A uniformly applied inward force generates the same stress, defined as force per unit area [latex]\frac{F}{A}[/latex], on all surfaces of an object. This results in a change in volume, [latex]\Delta V[/latex], given by:

[latex]\Delta V = \frac{1}{B} \frac{F}{A} V_0,[/latex]

where:

• [latex]B[/latex] is the bulk modulus (see Table 32.1),

• [latex]V_0[/latex] is the original volume,

• [latex]\frac{F}{A}[/latex] is the inward pressure applied uniformly on all sides.

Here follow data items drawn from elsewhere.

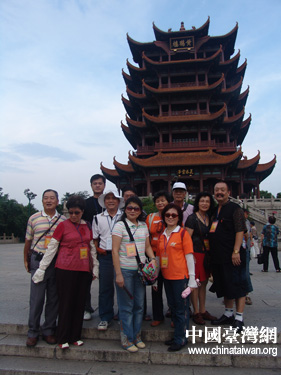 臺灣參訪團成員在黃鶴樓前合影留念。(攝影:陳寧)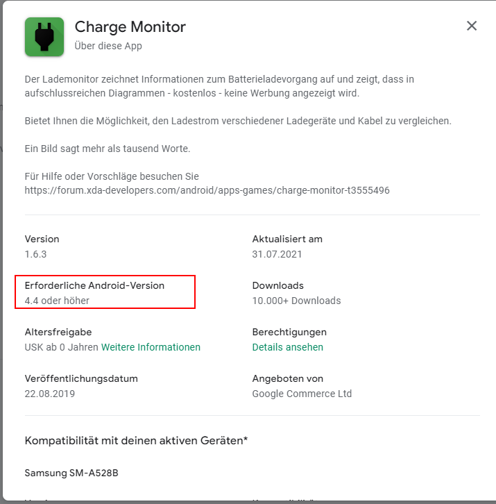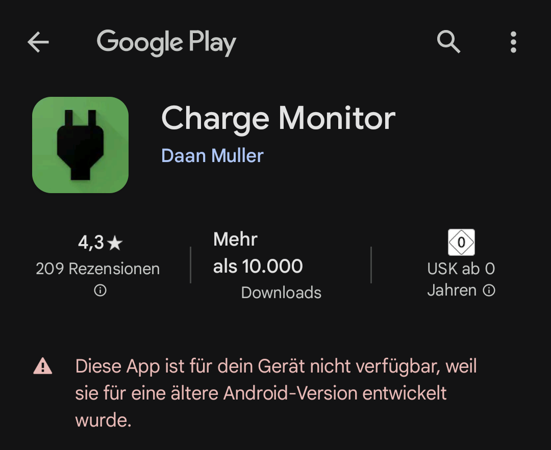 bzw. über Playstore - / Google Suche "Charge Monitor" funktioniert nicht?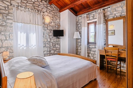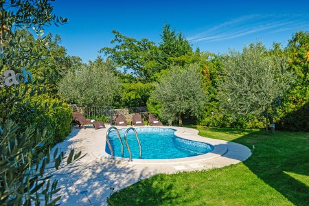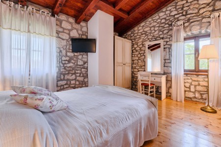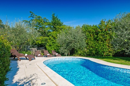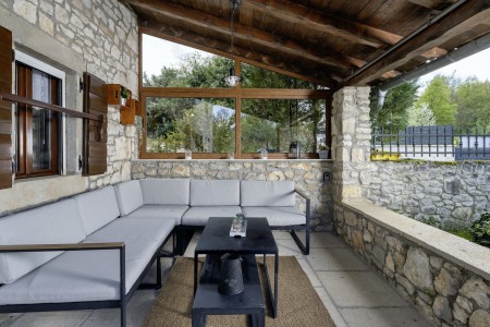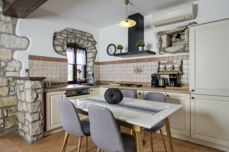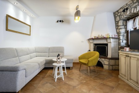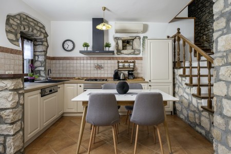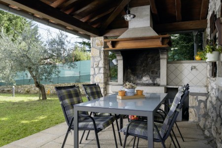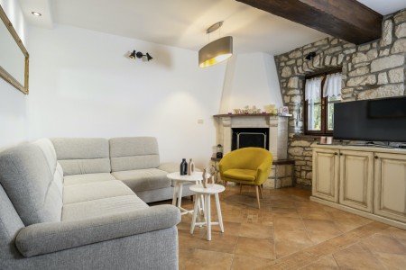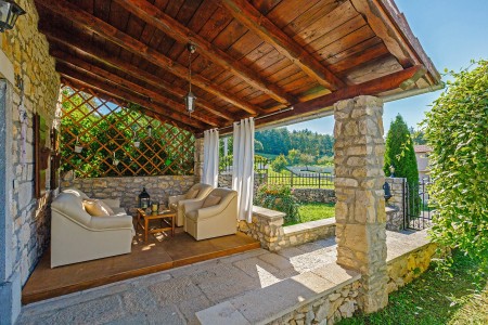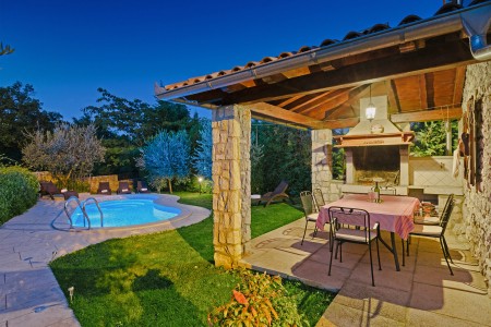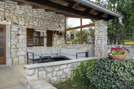 Na rubu sela Kršan nalazi se ova udobna kamena kuća s tri spavaće sobe i lijepo uređenim dvorištem u kojem se nalazi privatni bazen (6 x 4 m). Prednost ove kuće je ta što se nalazi u zelenilu koje pruža potpuni mir i privatnost, a do mora i najbližih obalnih mjesta je udaljena samo nekoliko minuta vožnje autom. Osim što je kuća uređena za ugodan boravak, okoliš je također lijepo njegovan, a gostima stoje na raspolaganju natkrivena terasa s roštiljem i bazen s ležaljkama.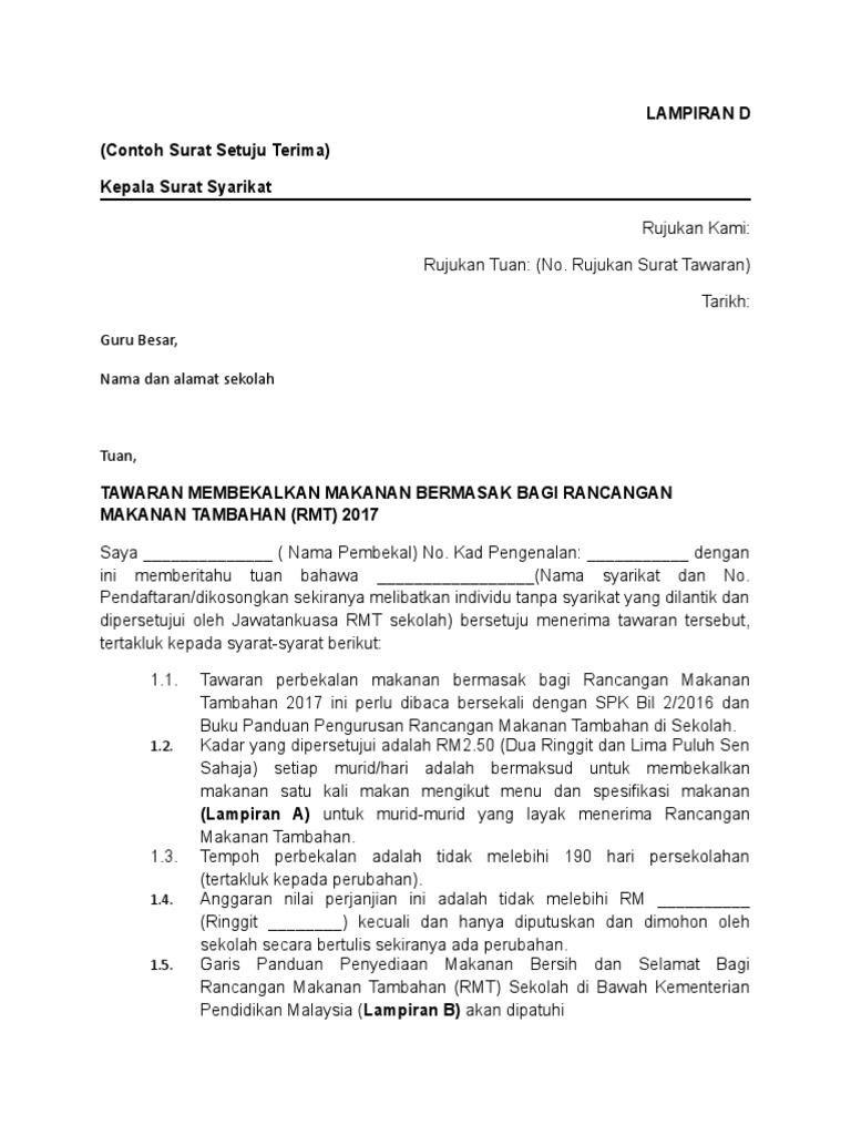 2 Contoh Surat Setuju Terima Rmt 2017 Pdf

This expression, like those for shear and tension, shows how deformation (in this case, volume change) depends on both the applied stress and the material’s resistance.

Note: Bulk modulus is typically not defined for gases, since they compress too easily to follow the same relationship.

Real-World Applications of Bulk Modulus

• Industrial diamonds are created by applying massive pressure to carbon. The atoms are forced into a tightly packed crystal structure, forming diamond.

• Natural diamond formation occurs under similar conditions, deep beneath Earth’s surface where overlying rock exerts extreme compressive forces.

• Deep-sea pressure is another example. Water pressure increases with depth and exerts inward forces on submerged objects—and even on the water itself. At sufficient depths, water itself becomes measurably compressed.

Conversely, very large internal forces are generated when liquids or solids attempt to expand but are constrained from doing so. This situation is mechanically equivalent to compressing them below their equilibrium volume. Such conditions frequently arise due to thermal expansion: most materials increase in volume as their temperature rises. When this expansion is restricted, the resulting internal stresses can cause significant deformation or even failure of the surrounding container.

A dramatic and common illustration of this occurs when water freezes. Unlike most substances, water expands upon freezing. This expansion can exert enough force to:

• Fracture rocks and boulders through freeze-thaw weathering,

• Rupture biological cells, causing frost damage in plants and tissues,

• Crack engine blocks or pipes if water inside them freezes without space to expand.

These phenomena emphasize the importance of understanding elastic and plastic deformation across materials under varying physical conditions.

Finally, it is worth noting that other types of deformation—such as torsion (twisting)—follow similar mechanical principles as those described for tension, shear, and bulk compression. These torsional deformations are characterized by their own modulus (the torsion modulus) and will be encountered in further sections or advanced studies.